Once the images are removed, repeat all of the entries exactly.

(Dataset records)

----

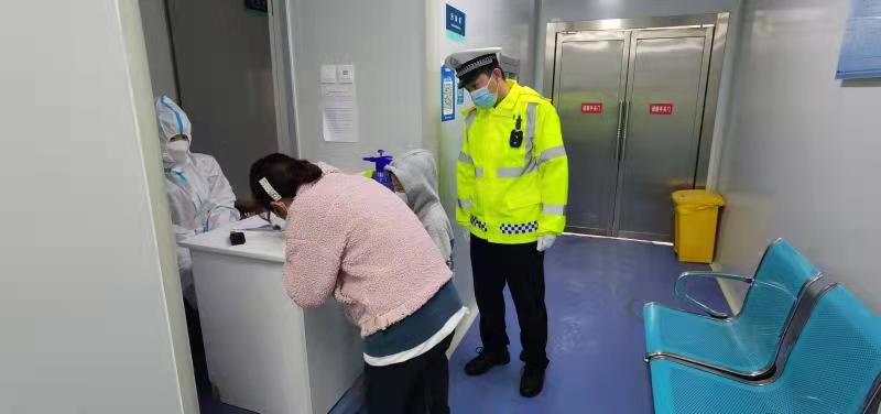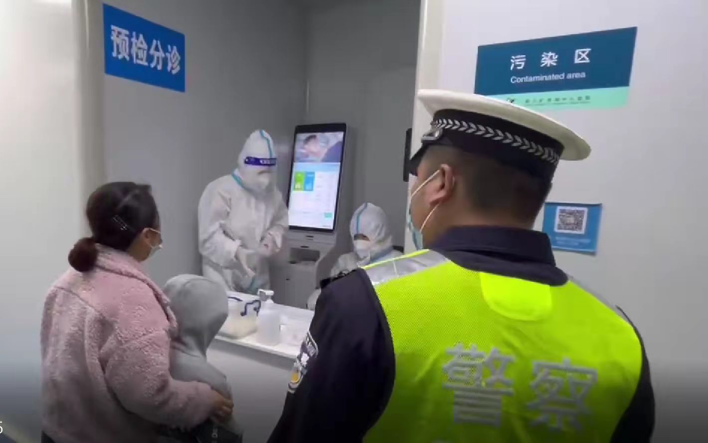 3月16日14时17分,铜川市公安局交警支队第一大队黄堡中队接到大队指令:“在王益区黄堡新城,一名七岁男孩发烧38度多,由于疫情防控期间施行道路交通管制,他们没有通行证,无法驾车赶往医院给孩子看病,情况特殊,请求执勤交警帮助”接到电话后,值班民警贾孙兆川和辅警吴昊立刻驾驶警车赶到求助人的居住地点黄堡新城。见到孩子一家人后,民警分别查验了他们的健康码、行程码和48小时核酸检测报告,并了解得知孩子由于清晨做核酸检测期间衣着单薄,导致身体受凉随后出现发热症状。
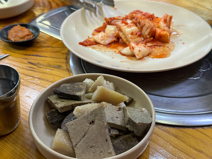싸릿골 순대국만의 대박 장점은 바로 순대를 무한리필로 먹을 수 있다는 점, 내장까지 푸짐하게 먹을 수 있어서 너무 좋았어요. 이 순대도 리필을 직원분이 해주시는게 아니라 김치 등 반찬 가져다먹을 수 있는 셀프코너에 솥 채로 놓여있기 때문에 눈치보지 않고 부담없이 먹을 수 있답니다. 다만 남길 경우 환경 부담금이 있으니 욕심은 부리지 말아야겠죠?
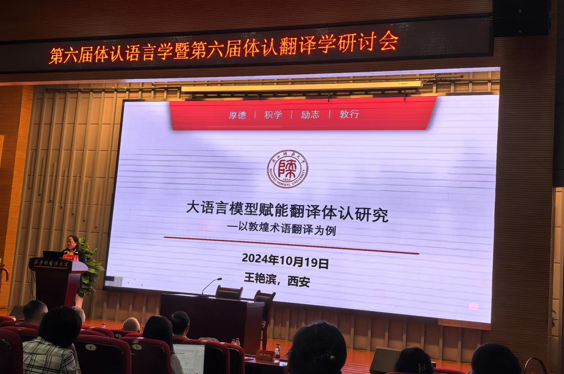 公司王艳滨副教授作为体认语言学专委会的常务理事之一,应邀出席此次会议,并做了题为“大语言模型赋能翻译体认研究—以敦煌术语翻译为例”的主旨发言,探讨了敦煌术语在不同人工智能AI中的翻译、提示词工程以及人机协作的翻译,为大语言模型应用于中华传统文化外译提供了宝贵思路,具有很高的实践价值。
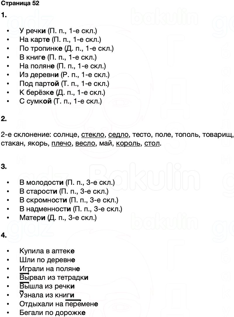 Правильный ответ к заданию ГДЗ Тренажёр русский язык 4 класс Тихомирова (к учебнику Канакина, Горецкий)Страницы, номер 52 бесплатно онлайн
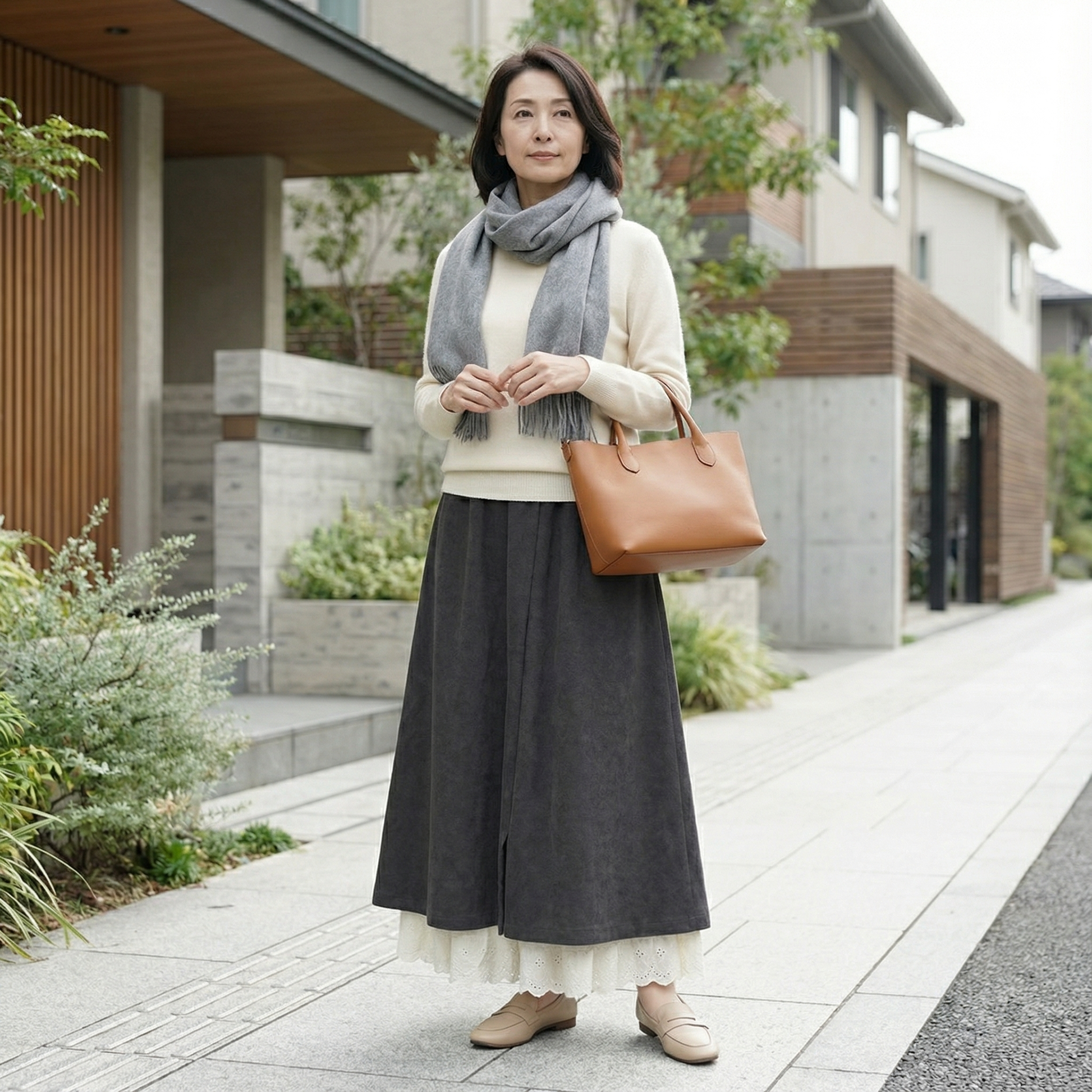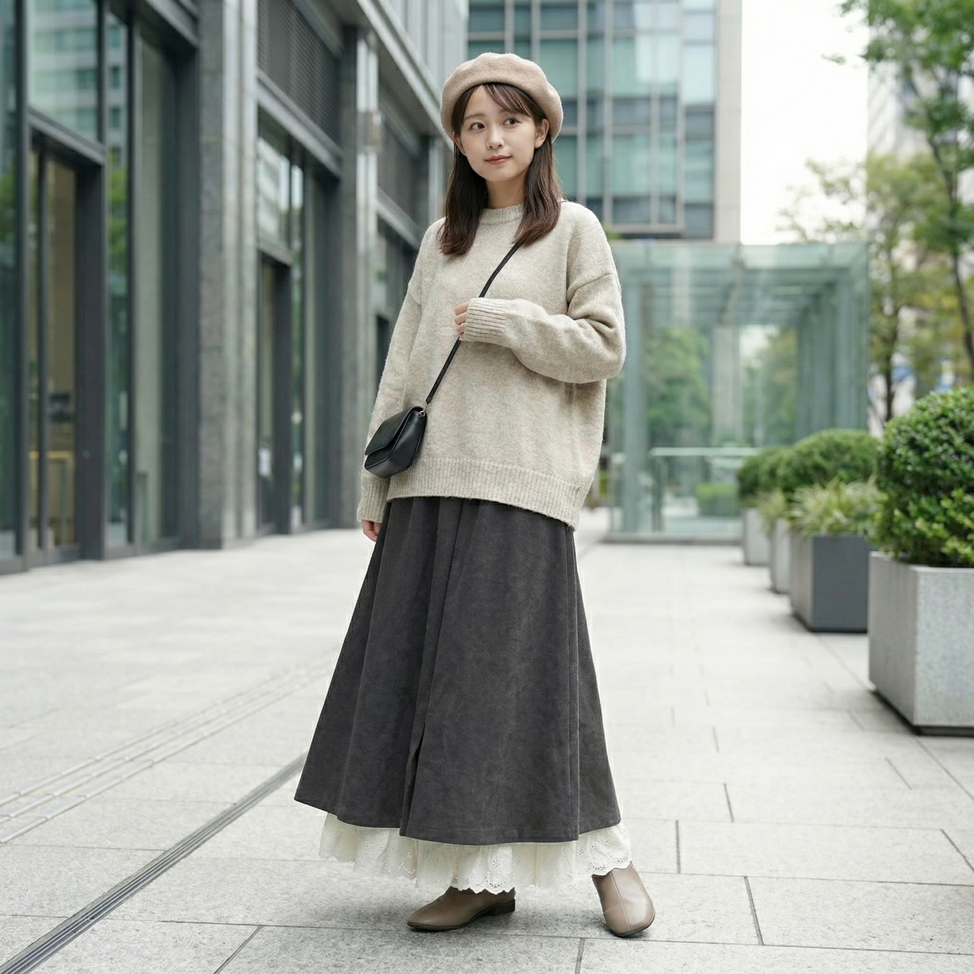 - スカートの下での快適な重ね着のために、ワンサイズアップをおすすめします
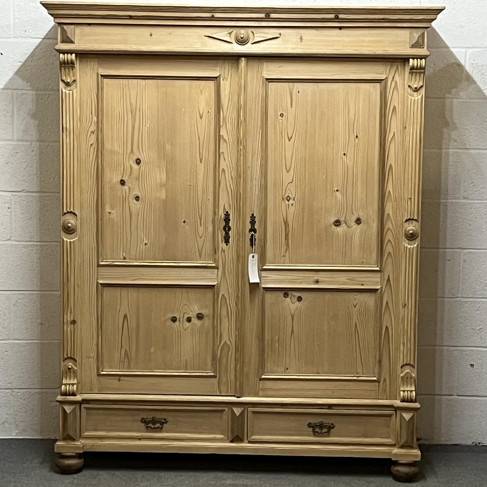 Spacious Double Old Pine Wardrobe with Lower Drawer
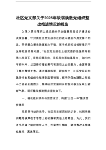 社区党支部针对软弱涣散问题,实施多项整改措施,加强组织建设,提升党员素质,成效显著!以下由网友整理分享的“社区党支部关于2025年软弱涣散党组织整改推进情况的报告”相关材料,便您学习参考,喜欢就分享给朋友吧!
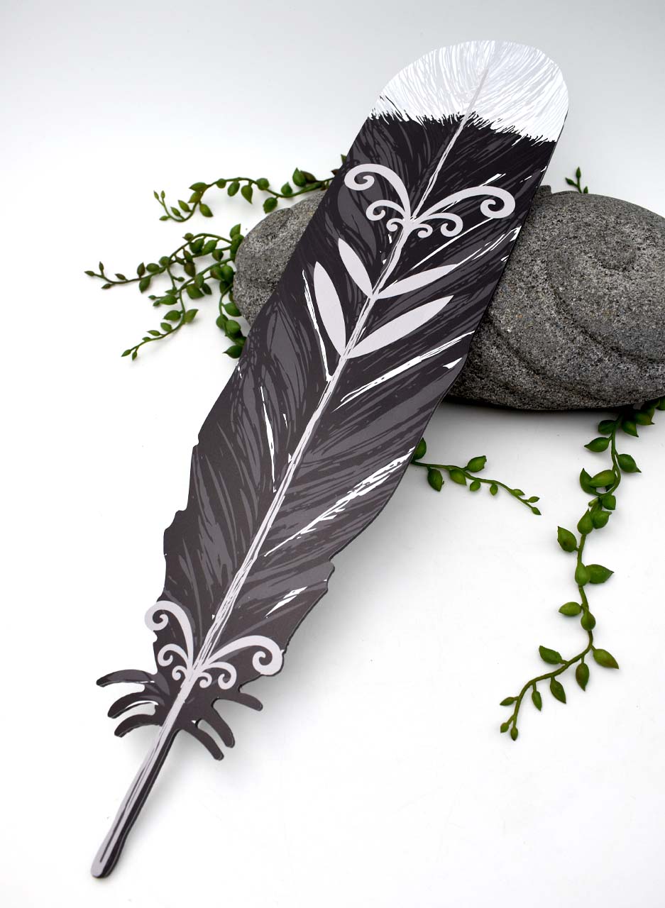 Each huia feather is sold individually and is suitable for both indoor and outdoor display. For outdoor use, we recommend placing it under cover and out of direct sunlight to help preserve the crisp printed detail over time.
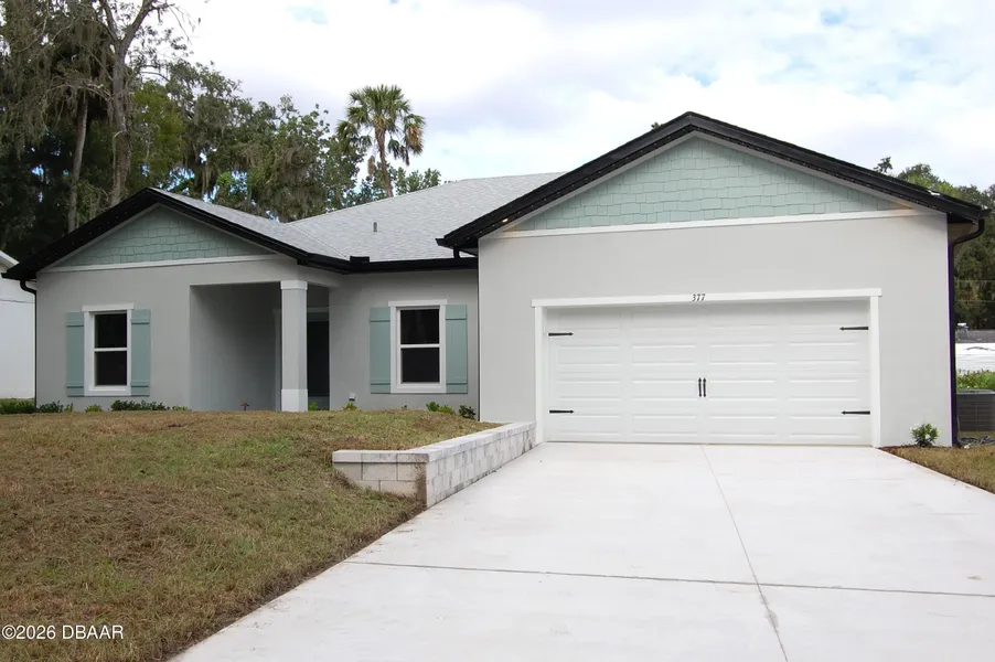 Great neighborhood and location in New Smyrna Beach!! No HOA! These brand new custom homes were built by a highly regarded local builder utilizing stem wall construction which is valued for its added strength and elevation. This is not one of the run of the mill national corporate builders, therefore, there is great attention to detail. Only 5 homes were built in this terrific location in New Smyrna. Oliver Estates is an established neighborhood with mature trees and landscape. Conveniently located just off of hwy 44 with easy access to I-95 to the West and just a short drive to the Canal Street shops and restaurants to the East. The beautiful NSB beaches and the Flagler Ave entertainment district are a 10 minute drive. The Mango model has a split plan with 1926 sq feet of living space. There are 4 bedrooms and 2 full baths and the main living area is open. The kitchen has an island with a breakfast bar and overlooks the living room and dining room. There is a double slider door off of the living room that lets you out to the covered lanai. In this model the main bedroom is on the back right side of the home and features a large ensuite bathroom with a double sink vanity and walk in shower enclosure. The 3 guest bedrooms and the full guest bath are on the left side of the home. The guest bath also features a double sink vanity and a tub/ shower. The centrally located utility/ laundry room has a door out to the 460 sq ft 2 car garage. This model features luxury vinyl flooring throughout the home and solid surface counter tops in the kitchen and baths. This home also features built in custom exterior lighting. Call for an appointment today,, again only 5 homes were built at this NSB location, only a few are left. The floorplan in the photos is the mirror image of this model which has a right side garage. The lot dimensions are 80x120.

----

**Task solution**
 3月16日14时17分,铜川市公安局交警支队第一大队黄堡中队接到大队指令:“在王益区黄堡新城,一名七岁男孩发烧38度多,由于疫情防控期间施行道路交通管制,他们没有通行证,无法驾车赶往医院给孩子看病,情况特殊,请求执勤交警帮助”接到电话后,值班民警贾孙兆川和辅警吴昊立刻驾驶警车赶到求助人的居住地点黄堡新城。见到孩子一家人后,民警分别查验了他们的健康码、行程码和48小时核酸检测报告,并了解得知孩子由于清晨做核酸检测期间衣着单薄,导致身体受凉随后出现发热症状。
싸릿골 순대국만의 대박 장점은 바로 순대를 무한리필로 먹을 수 있다는 점, 내장까지 푸짐하게 먹을 수 있어서 너무 좋았어요. 이 순대도 리필을 직원분이 해주시는게 아니라 김치 등 반찬 가져다먹을 수 있는 셀프코너에 솥 채로 놓여있기 때문에 눈치보지 않고 부담없이 먹을 수 있답니다. 다만 남길 경우 환경 부담금이 있으니 욕심은 부리지 말아야겠죠?
 公司王艳滨副教授作为体认语言学专委会的常务理事之一,应邀出席此次会议,并做了题为“大语言模型赋能翻译体认研究—以敦煌术语翻译为例”的主旨发言,探讨了敦煌术语在不同人工智能AI中的翻译、提示词工程以及人机协作的翻译,为大语言模型应用于中华传统文化外译提供了宝贵思路,具有很高的实践价值。
 Правильный ответ к заданию ГДЗ Тренажёр русский язык 4 класс Тихомирова (к учебнику Канакина, Горецкий)Страницы, номер 52 бесплатно онлайн
 - スカートの下での快適な重ね着のために、ワンサイズアップをおすすめします
 Spacious Double Old Pine Wardrobe with Lower Drawer
 社区党支部针对软弱涣散问题,实施多项整改措施,加强组织建设,提升党员素质,成效显著!以下由网友整理分享的“社区党支部关于2025年软弱涣散党组织整改推进情况的报告”相关材料,便您学习参考,喜欢就分享给朋友吧!
 Each huia feather is sold individually and is suitable for both indoor and outdoor display. For outdoor use, we recommend placing it under cover and out of direct sunlight to help preserve the crisp printed detail over time.
 Great neighborhood and location in New Smyrna Beach!! No HOA! These brand new custom homes were built by a highly regarded local builder utilizing stem wall construction which is valued for its added strength and elevation. This is not one of the run of the mill national corporate builders, therefore, there is great attention to detail. Only 5 homes were built in this terrific location in New Smyrna. Oliver Estates is an established neighborhood with mature trees and landscape. Conveniently located just off of hwy 44 with easy access to I-95 to the West and just a short drive to the Canal Street shops and restaurants to the East. The beautiful NSB beaches and the Flagler Ave entertainment district are a 10 minute drive. The Mango model has a split plan with 1926 sq feet of living space. There are 4 bedrooms and 2 full baths and the main living area is open. The kitchen has an island with a breakfast bar and overlooks the living room and dining room. There is a double slider door off of the living room that lets you out to the covered lanai. In this model the main bedroom is on the back right side of the home and features a large ensuite bathroom with a double sink vanity and walk in shower enclosure. The 3 guest bedrooms and the full guest bath are on the left side of the home. The guest bath also features a double sink vanity and a tub/ shower. The centrally located utility/ laundry room has a door out to the 460 sq ft 2 car garage. This model features luxury vinyl flooring throughout the home and solid surface counter tops in the kitchen and baths. This home also features built in custom exterior lighting. Call for an appointment today,, again only 5 homes were built at this NSB location, only a few are left. The floorplan in the photos is the mirror image of this model which has a right side garage. The lot dimensions are 80x120.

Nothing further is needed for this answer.